* _Exercise prompt_:
Reproduce, without alteration, every line of the data; exclude the images.

* _Information provided_:

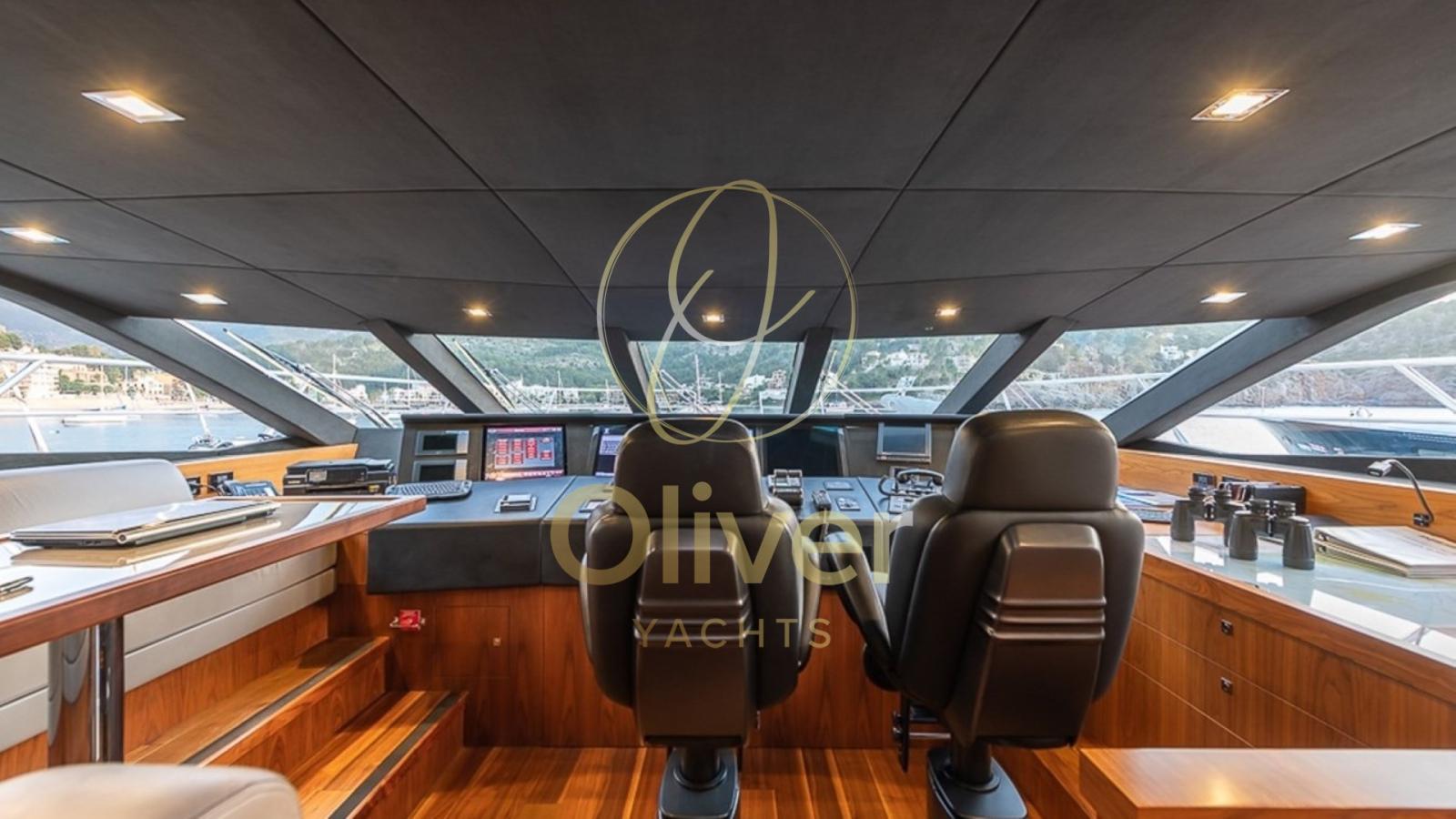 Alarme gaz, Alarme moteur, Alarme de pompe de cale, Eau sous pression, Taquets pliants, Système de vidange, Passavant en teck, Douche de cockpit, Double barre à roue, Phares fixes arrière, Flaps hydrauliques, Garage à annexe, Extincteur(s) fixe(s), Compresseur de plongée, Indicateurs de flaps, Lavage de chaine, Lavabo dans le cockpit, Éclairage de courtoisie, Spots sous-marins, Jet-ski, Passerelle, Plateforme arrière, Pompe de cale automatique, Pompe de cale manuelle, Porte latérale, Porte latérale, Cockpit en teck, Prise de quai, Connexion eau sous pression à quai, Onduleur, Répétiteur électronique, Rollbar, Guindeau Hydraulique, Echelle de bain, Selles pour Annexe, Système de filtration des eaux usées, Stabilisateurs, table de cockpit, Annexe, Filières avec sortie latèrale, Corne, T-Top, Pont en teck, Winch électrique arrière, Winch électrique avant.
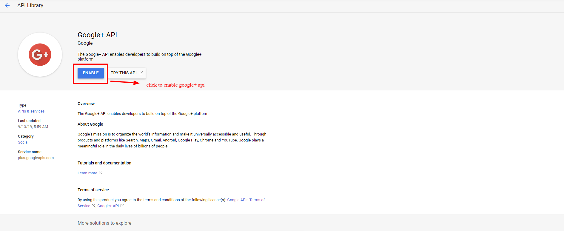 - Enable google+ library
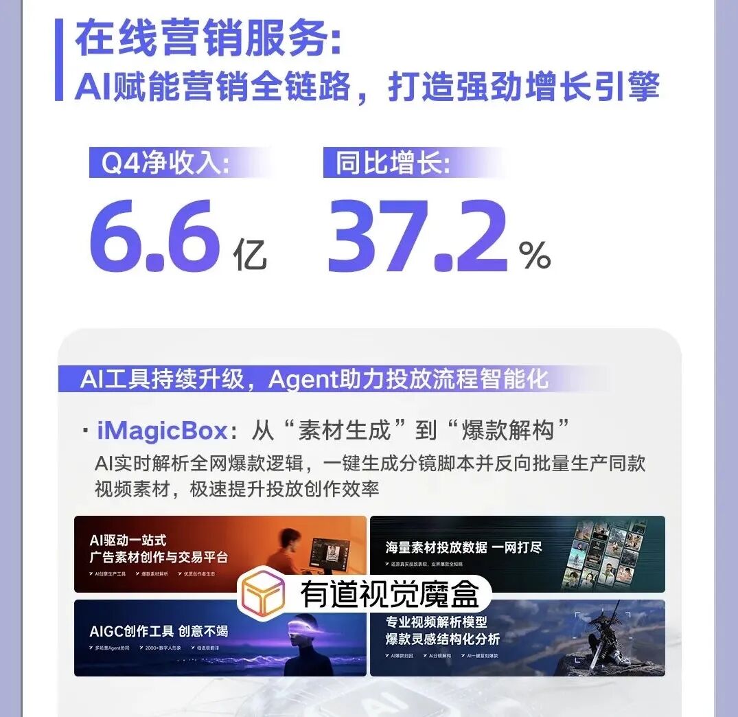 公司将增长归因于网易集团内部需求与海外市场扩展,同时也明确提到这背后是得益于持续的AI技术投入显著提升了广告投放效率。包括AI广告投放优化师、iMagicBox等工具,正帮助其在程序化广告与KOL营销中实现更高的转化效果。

* _Answer area_:
 Alarme gaz, Alarme moteur, Alarme de pompe de cale, Eau sous pression, Taquets pliants, Système de vidange, Passavant en teck, Douche de cockpit, Double barre à roue, Phares fixes arrière, Flaps hydrauliques, Garage à annexe, Extincteur(s) fixe(s), Compresseur de plongée, Indicateurs de flaps, Lavage de chaine, Lavabo dans le cockpit, Éclairage de courtoisie, Spots sous-marins, Jet-ski, Passerelle, Plateforme arrière, Pompe de cale automatique, Pompe de cale manuelle, Porte latérale, Porte latérale, Cockpit en teck, Prise de quai, Connexion eau sous pression à quai, Onduleur, Répétiteur électronique, Rollbar, Guindeau Hydraulique, Echelle de bain, Selles pour Annexe, Système de filtration des eaux usées, Stabilisateurs, table de cockpit, Annexe, Filières avec sortie latèrale, Corne, T-Top, Pont en teck, Winch électrique arrière, Winch électrique avant.
 - Enable google+ library
 公司将增长归因于网易集团内部需求与海外市场扩展,同时也明确提到这背后是得益于持续的AI技术投入显著提升了广告投放效率。包括AI广告投放优化师、iMagicBox等工具,正帮助其在程序化广告与KOL营销中实现更高的转化效果。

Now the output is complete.